These days I just don’t write as often. I lack the energy and the will. I am trying to devote more time being present in moment as a mom, wife, cancer survivor extraordinaire. In my down time I’m avoiding introspection, trying not to ponder meaning of things, its a bit difficult because I’m an existentialist at heart. But why beat a horse? My conscious has been aiming for distraction- in my down time its repetitive, mind numbing games on my iPad or fab series (HBO of course, where all good show are made) on TV. Joe and I’ve been catching up on the past seasons of Boardwalk Empire and Ray Donovan. We’ll watch one or two episodes a night. Its drama total immersion, stepping out of our own problems and those of others. Occasionally I even dream of the characters, their dilemmas, their dreams. Its a sweet reprieve from what generally haunts me at night.
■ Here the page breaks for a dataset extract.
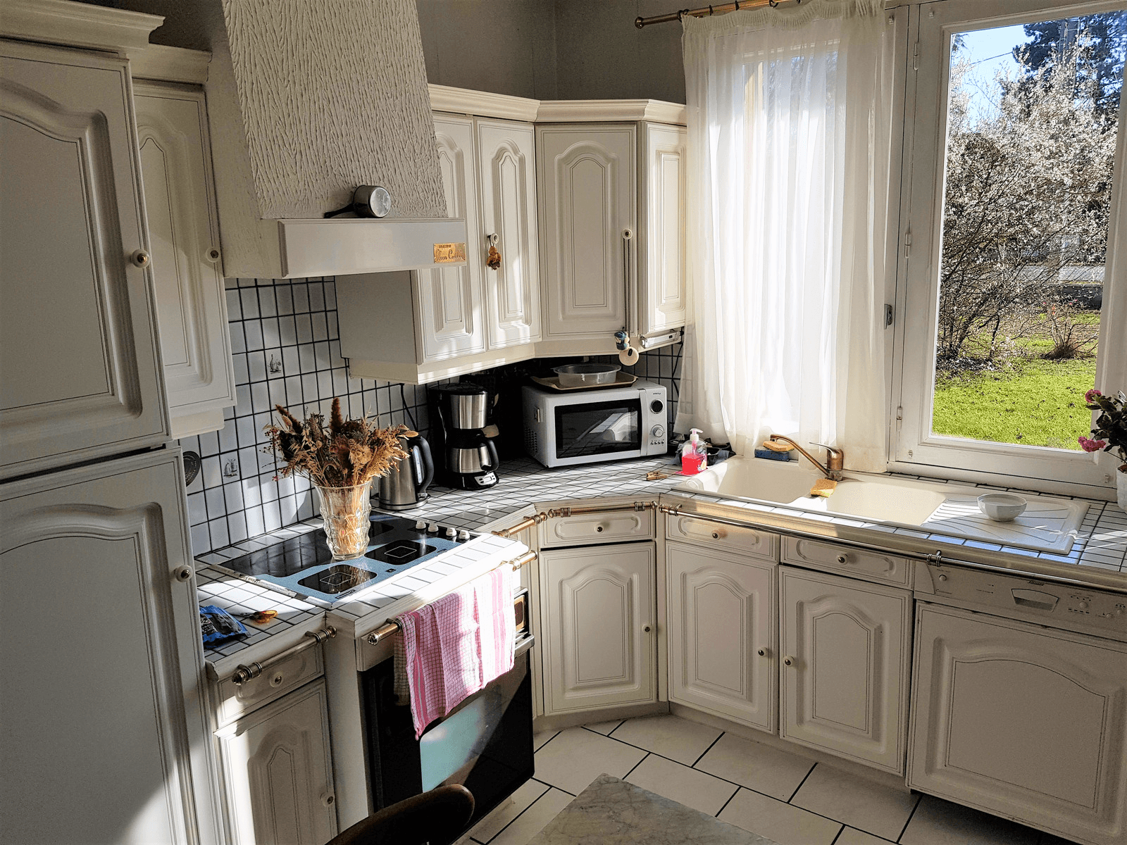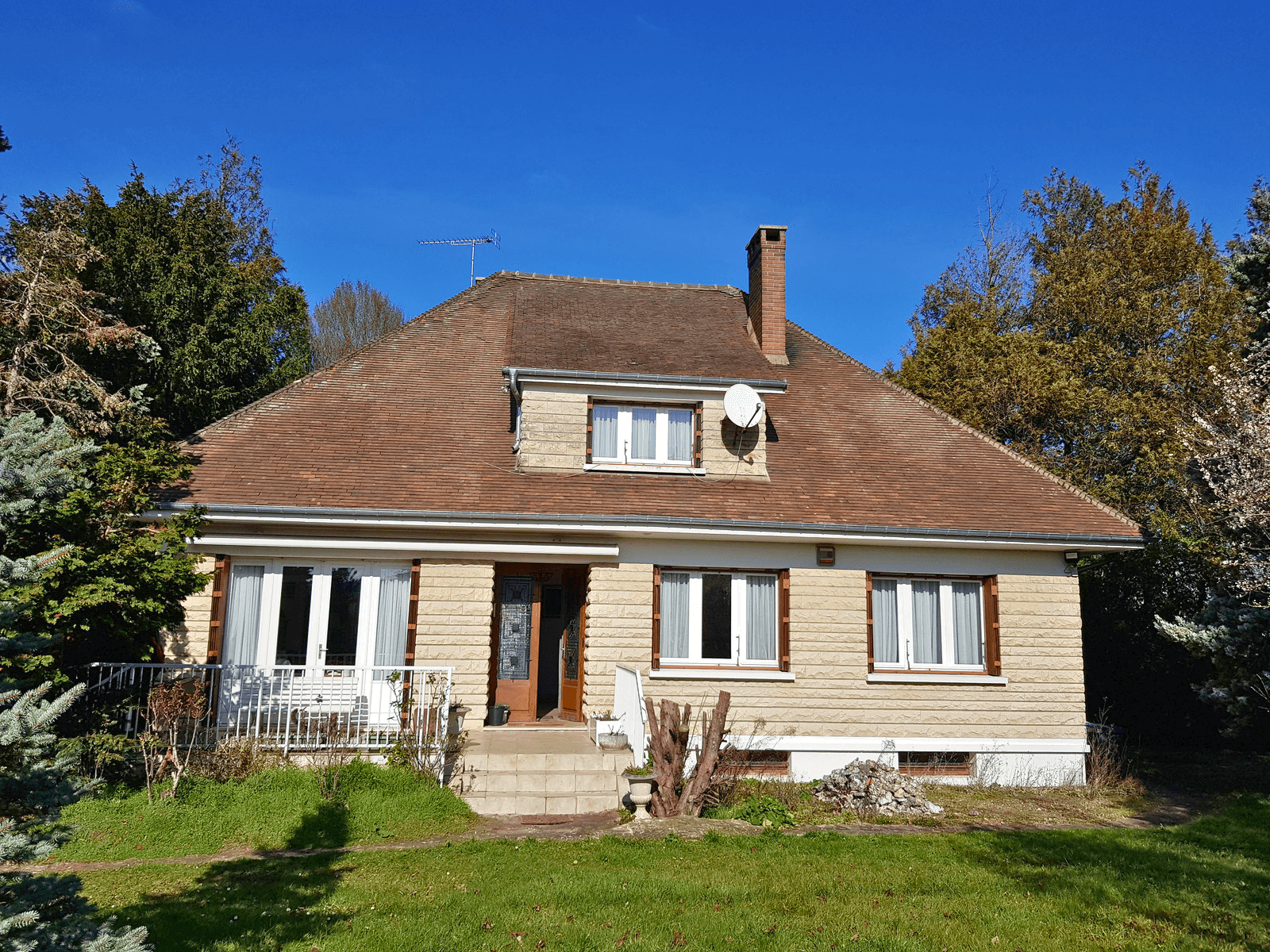 Grande maison familiale , sur un terrain clos et arboré d’environ 3120 m2 avec une vue dégagée sur la campagne.

When I finally sit down to it, I am distracted (both by own mind and the constant “mom, mom, mom”…), have too many things to say and fall silent instead. Today though I will put a bit out there. We’re at the beach. We’ve been here since the middle of last week. It is the first time I’ve been OOT since May and it was so very long overdue. The daily grind, which effects us all, has grown tedious for me, life measured out by the endless cycles of treatment and recovery. And though its hard not to ponder things a bit here- metaphors abound, life’s rich pageant, the glorious struggle for life plays out all around. It soothes my soul. For it is a gift to witness and a beautiful reminder of my own insignificance and of the interconnectedness of life and death. They go hand in hand after all, and its not a thing to be mourned, at least not for long, its just the way things are.
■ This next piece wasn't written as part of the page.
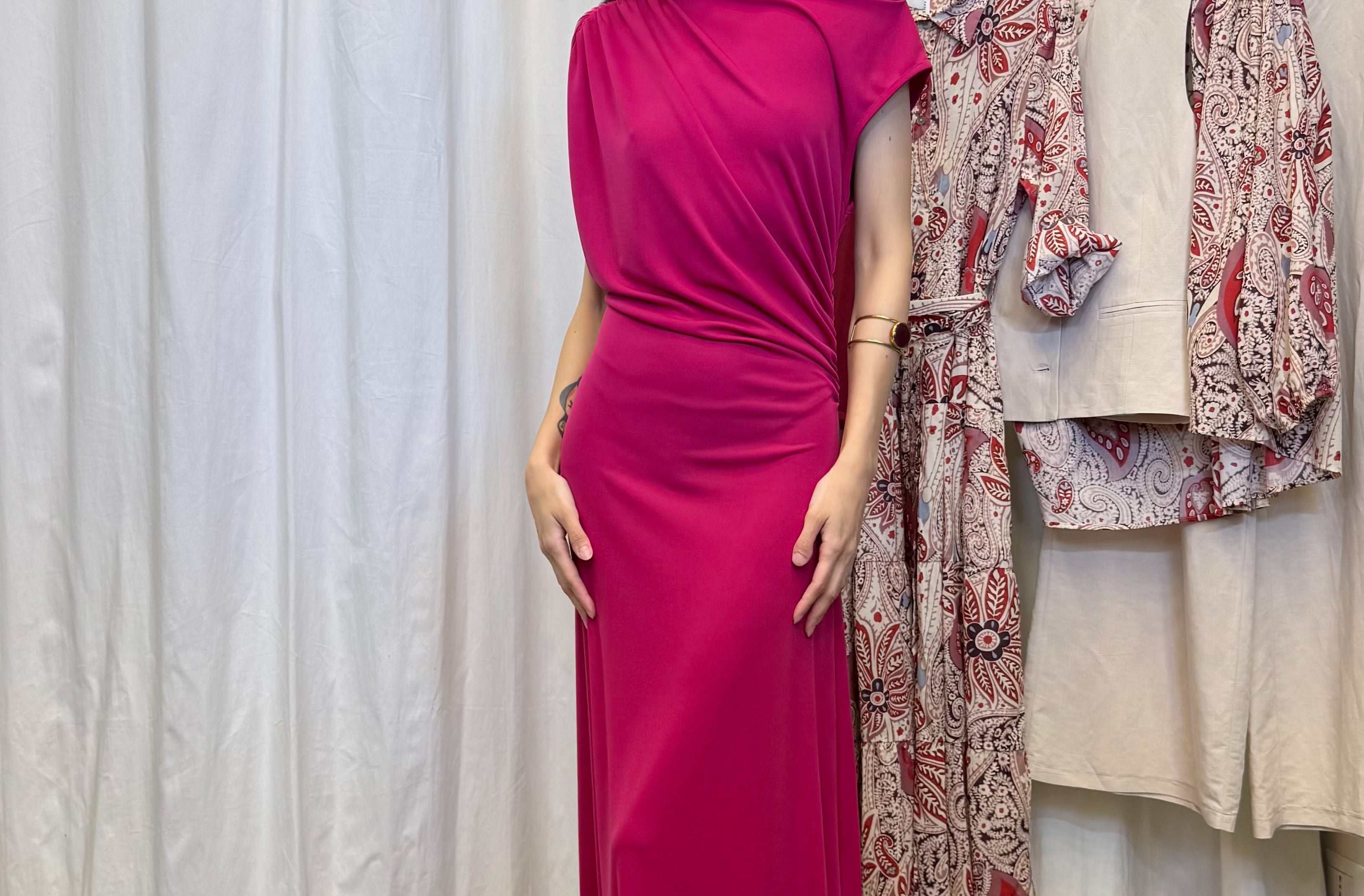 Seductive, contemporary, unstoppable: the long asymmetric fuchsia dress by Vicolo is the perfect choice to dominate the scene with personality. The sculptural cut and the vibrant color blend into a statement look, ideal for evening events and summer ceremonies. To complete the outfit, the platinum slingbacks add light and sophistication, balancing sensuality and class. Discover this exclusive look on Blackoutroma and let yourself be guided by the 2025 women's fashion trends. Your next must-haves await you.

Its also given my body a chance to heal, to rejuvenate. When we left Charlotte I was still yet to have recovered from chemo, with a sinus infection and nursing a fractured rib (just happened doing nothing in particular but is the result of weakened bones in a heavily treated area). I had and have many areas (the new masses that keep popping up and growing like weeds) that are hurting bunches. Despite all that we’ve had fun, great family time. The boys have been silly and it is so fantastic for them to play together in pool without me having to entertain, rush off for a practice, engage in the homework battle or try and put dinner on the table. We’ve laughed, played taken walks on the beach, hunted for shells and catered to Luca’s new and very pressing demands of maintaining his hair no matter the circumstances. We even made a special trip out and over the bridge for gel. He dashes to the bathroom to fix a Mohawk or a do I’m calling the Ed Grimley every time his hair dries and just any old time the mood strikes, and it strikes often.
When we get back to town, back to reality, its time to hit the ground running survivor style. I get scanned Wed and then on Thursday start radiation on two to four seperate areas of my bod. The treatment is to help with pain and edema and I am ready for the help! But Friday eve will be a treat. We’ve got our annual GoJenGo tee shirt pick up party for our Komen race team. The Keogh’s (they live directly across the street from us, we’re at 3923 Oldfield Rd, 28226) will host again. Yay! And beverages and Mac’s bbq will be provided. Yum! Come join us, get your new shirt and have some fun!